Resource-aware video streaming (RAViS) framework for object detection system using deep learning algorithm

MethodsX. 2023 Jul 15:11:102285. doi: 10.1016/j.mex.2023.102285. eCollection 2023 Dec.

Abstract

Video streams can come from various sources, such as surveillance cameras, live events, drones, and video-sharing platforms. Video stream mining is challenging due to the extensive resources needed to analyze and extract useful information from continuous video data streams. This situation could result in overwhelmed resources, which causes the system to stall. One of the ways to suffice the requirement is to provide larger resources, which leads to more costs. This research develops a data stream mining called the Resource-Aware Video Streaming (RAViS) framework to adapt to the limited resources (a Raspberry Pi) to run an object detection system using the YOLO algorithm. We validate the framework by capturing video streaming to simulate data streams. The video frames are processed using a deep-learning model to recognize the presence of a person(s) in a room. The RAViS framework adapts the object detection system to the availability of Raspberry Pi resources, such as CPU, RAM, and internal storage. The adaptation aims to increase the availability of resources to perform object detection of streamed video.

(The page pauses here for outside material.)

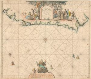 [Espagne]. [Carte marine]. VAN KEULEN (Johannes), ed. Pascaert van de kust van Biscaia beginnende van Castro tot Luarca, met al diepten en drooghten t Amsterdam, by J. Van Keulen, [XVIIIe s]. 1 carte gravée sur cuivre, env. 50 x 58 cm., coloriée (qq. petits trous dont 4 restaurés, 2 petites déch. marg. restaurées). Carte marine montrant la côte de Cantabrie et Asturies, depuis Castro-Urdiales jusqu’à Luarca, orientée nord en bas. Très décorative, elle est ornée d’un cartouche de titre montrant la cueillette et le commerce de fruits (châtaignes ?), et d’un cartouche d’échelle surmonté d’une figure allégorique féminine tenant une ancre et un perroquet. Carte no. 24 de l'atlas de Van Keulen, De Nieuwe Groote Lichtende Zee-Fakkel, qui parut pour la première fois en 1680 et fit l’objet de nombreuses éditions jusqu’en 1753.

The experimental results indicate that the RAViS framework can adapt the detection system to resource availability while maintaining accuracy. •A framework can ensure the availability of a computer with limited resources for running an object detection system using deep learning algorithms.•The framework constantly monitors the computer's memory, CPU, and storage, and provides feedback to the object detection system for adjusting its parameters to optimize resource utilization.•This approach enables the object detection system to operate continuously with the required resources, thus ensuring its accuracy and effectiveness.

Keywords: Deep learning; Resource-Aware Video Streaming (RAViS) Framework; Resource-aware streaming framework; Video stream mining.